Here are a few key areas where the UK HE sector can offer support:

  • Technology enhanced learning (TEL) training frameworks, resources, and mentoring as well as digital pedagogy training courses. Many academic development departments, teams and centres offer training in this area and these may be opened for auditing or to obtain micro credentials (the provision is often available remotely, developed in response to the pandemic) to colleagues in Ukraine with support for TEL projects. This also includes digital leadership mentoring and knowledge exchange programmes, which could encompass a range of topics from design thinking and learner-centred design, to data and governance, and cyber security.
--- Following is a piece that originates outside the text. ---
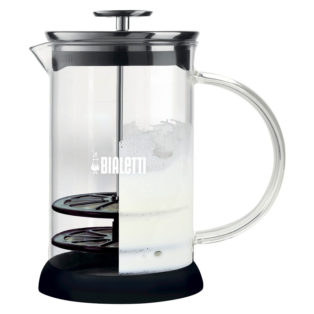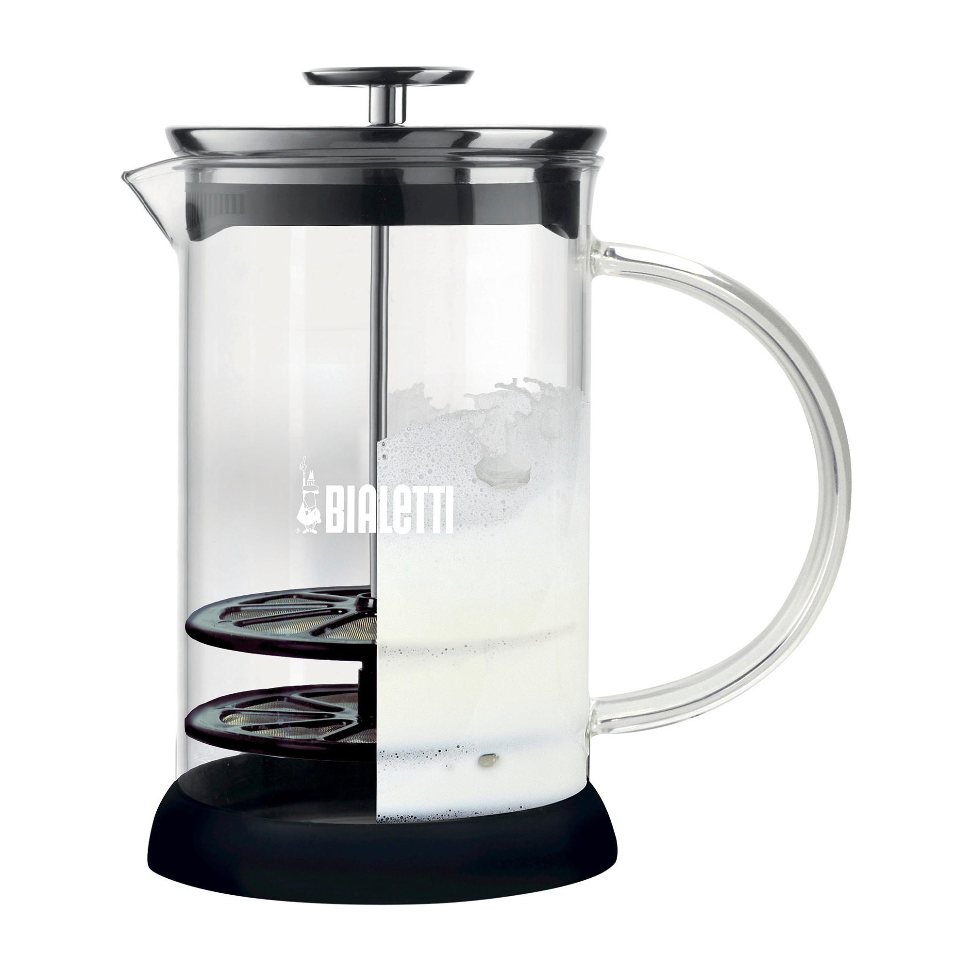 The Bialetti manual milk frother produces thick rich frothed milk in seconds. A simple and easy way to create lattes cappuccinos or hot chocolate in the comfort of your own home. The double action frother makes extra-thick foam and the vessel includes a non-slip base. Glass vessel allows it to be placed in the microwave to heat milk. Combine a Bialetti Moka Express with this product and be your own barista.
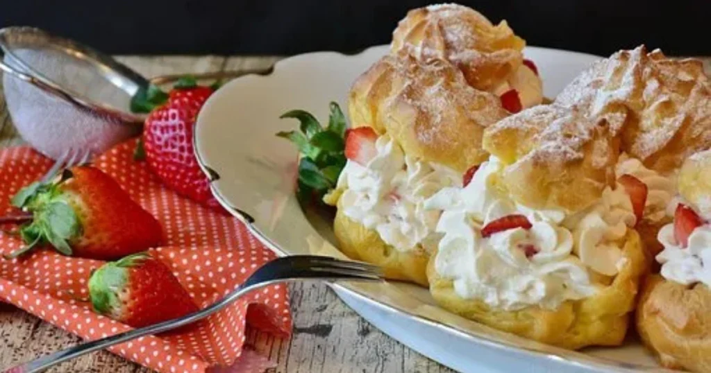 Windbeutel, auch bekannt als “Profiteroles” oder “Choux”, sind ein wahrer Klassiker der französischen Backkunst. Diese kleinen, leichten Teigbällchen sind außen knusprig und innen luftig. Sie können mit einer Vielzahl von Füllungen wie Vanillecreme, Schlagsahne oder Eis serviert werden und sind ein beliebtes Dessert für festliche Anlässe oder Kaffeetafeln.

  • Engaging with the Association for Learning Technology (ALT), a collaborative community of practice that provides opportunities for professional development, including webinars, conferences and a professional recognition scheme. ALT also hosts a series of open access publications including the ALT blog and the Research and Teaching journal.
  • Jisc has pledged its support for Ukraine focusing on three key areas including the security and safety of our UK member institutions, global connectivity across research and education networks, and access to education and research for displaced students, staff and researchers. Jisc and its Digital 2030 framework can support the development of bespoke and aligned to European frameworks standards. The model of Jisc can also support Ukraine with developing ways in which to recognise and celebrate innovation and leadership and build effective staff learning communities.
  • Review existing device scrapping policies, instead donating them to learners and educators in Ukraine to close any gaps in access to education in time of war.

As Ukraine moves closer to its vision of becoming the most accessible digital state in the world, we can expect to see and learn several lessons from its digital leadership, and education is one of the most exciting and promising areas. Educators in the UK are invited to explore opportunities to learn from the experience, approaches and frameworks that got Ukraine this far and set the course for Ukraine to become one of the most innovative digital education ecosystems too.